Repeat the records below exactly from the line containing "Differences between production" to the line containing "This is a monochrome", taking in both of those lines. Drop the pictures.

▶ _Data for the task_:
--------------------------------

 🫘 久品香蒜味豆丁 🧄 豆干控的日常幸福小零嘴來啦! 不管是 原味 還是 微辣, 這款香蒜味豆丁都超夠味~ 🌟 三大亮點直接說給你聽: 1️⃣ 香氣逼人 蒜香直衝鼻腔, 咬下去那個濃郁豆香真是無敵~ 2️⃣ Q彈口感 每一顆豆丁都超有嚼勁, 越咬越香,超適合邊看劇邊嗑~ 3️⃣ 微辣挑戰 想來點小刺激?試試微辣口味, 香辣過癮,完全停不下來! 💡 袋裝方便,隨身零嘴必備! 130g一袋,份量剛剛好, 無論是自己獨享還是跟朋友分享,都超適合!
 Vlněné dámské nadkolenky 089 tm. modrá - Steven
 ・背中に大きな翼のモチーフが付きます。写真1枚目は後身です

--------------------------------

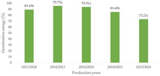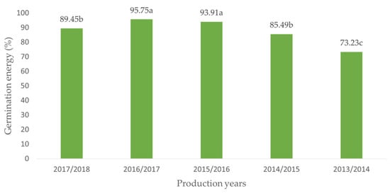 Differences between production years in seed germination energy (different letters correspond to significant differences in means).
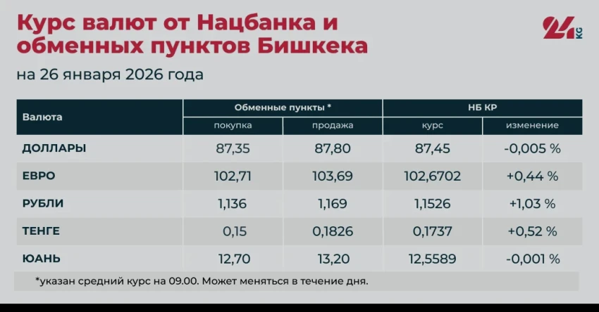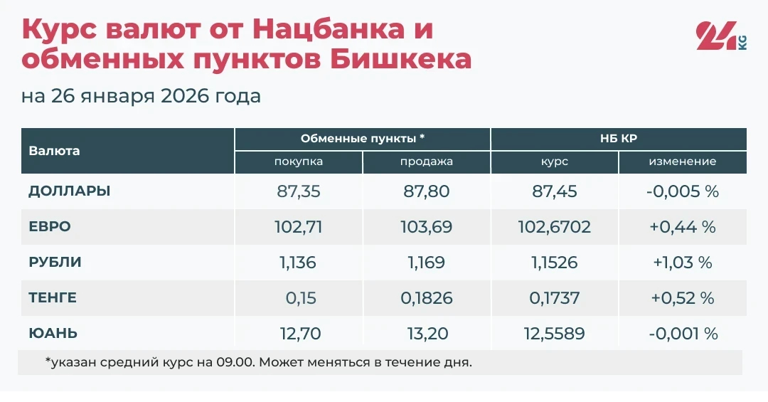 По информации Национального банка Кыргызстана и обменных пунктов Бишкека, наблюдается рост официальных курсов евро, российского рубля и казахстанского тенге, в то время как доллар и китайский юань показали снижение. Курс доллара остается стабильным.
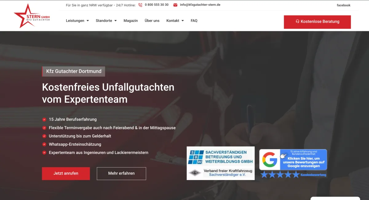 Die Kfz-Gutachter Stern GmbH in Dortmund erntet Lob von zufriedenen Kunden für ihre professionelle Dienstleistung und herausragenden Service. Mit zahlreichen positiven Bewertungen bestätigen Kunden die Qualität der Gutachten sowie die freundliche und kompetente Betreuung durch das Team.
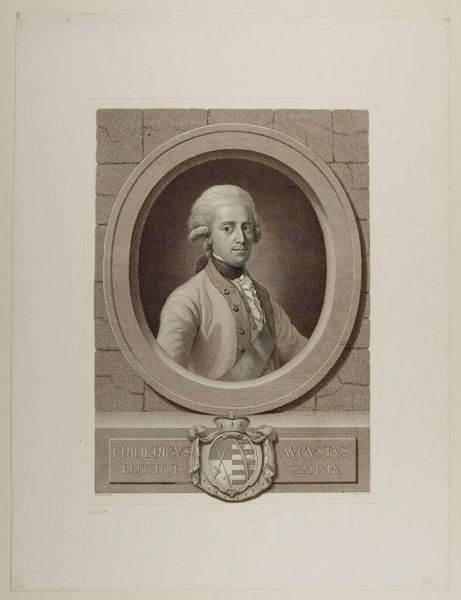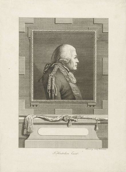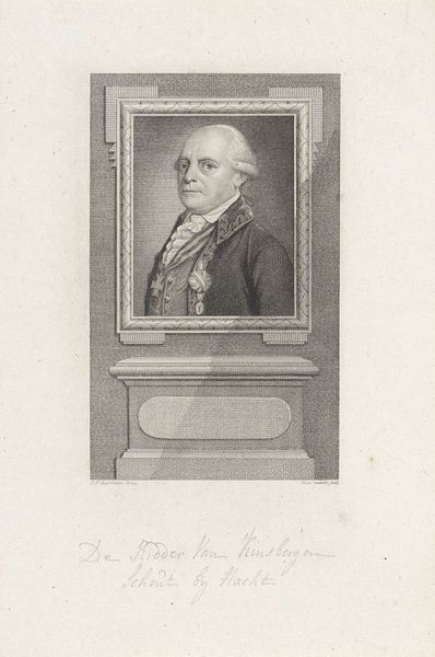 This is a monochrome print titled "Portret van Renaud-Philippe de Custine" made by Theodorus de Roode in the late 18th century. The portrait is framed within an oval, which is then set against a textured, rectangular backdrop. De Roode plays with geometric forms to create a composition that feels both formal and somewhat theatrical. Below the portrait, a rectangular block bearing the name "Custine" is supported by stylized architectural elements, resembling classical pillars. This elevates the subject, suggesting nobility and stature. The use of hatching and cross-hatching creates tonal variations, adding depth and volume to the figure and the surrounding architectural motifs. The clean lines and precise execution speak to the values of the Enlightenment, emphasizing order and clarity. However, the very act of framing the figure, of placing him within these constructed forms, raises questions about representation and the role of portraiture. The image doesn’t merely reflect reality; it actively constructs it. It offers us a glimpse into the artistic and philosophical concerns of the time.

--------------------------------

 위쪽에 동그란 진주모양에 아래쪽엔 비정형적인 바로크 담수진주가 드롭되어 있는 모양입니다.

--------------------------------

▶ _Reply to the exercise_:
 Differences between production years in seed germination energy (different letters correspond to significant differences in means).
 По информации Национального банка Кыргызстана и обменных пунктов Бишкека, наблюдается рост официальных курсов евро, российского рубля и казахстанского тенге, в то время как доллар и китайский юань показали снижение. Курс доллара остается стабильным.
 Die Kfz-Gutachter Stern GmbH in Dortmund erntet Lob von zufriedenen Kunden für ihre professionelle Dienstleistung und herausragenden Service. Mit zahlreichen positiven Bewertungen bestätigen Kunden die Qualität der Gutachten sowie die freundliche und kompetente Betreuung durch das Team.
 This is a monochrome print titled "Portret van Renaud-Philippe de Custine" made by Theodorus de Roode in the late 18th century. The portrait is framed within an oval, which is then set against a textured, rectangular backdrop. De Roode plays with geometric forms to create a composition that feels both formal and somewhat theatrical. Below the portrait, a rectangular block bearing the name "Custine" is supported by stylized architectural elements, resembling classical pillars. This elevates the subject, suggesting nobility and stature. The use of hatching and cross-hatching creates tonal variations, adding depth and volume to the figure and the surrounding architectural motifs. The clean lines and precise execution speak to the values of the Enlightenment, emphasizing order and clarity. However, the very act of framing the figure, of placing him within these constructed forms, raises questions about representation and the role of portraiture. The image doesn’t merely reflect reality; it actively constructs it. It offers us a glimpse into the artistic and philosophical concerns of the time.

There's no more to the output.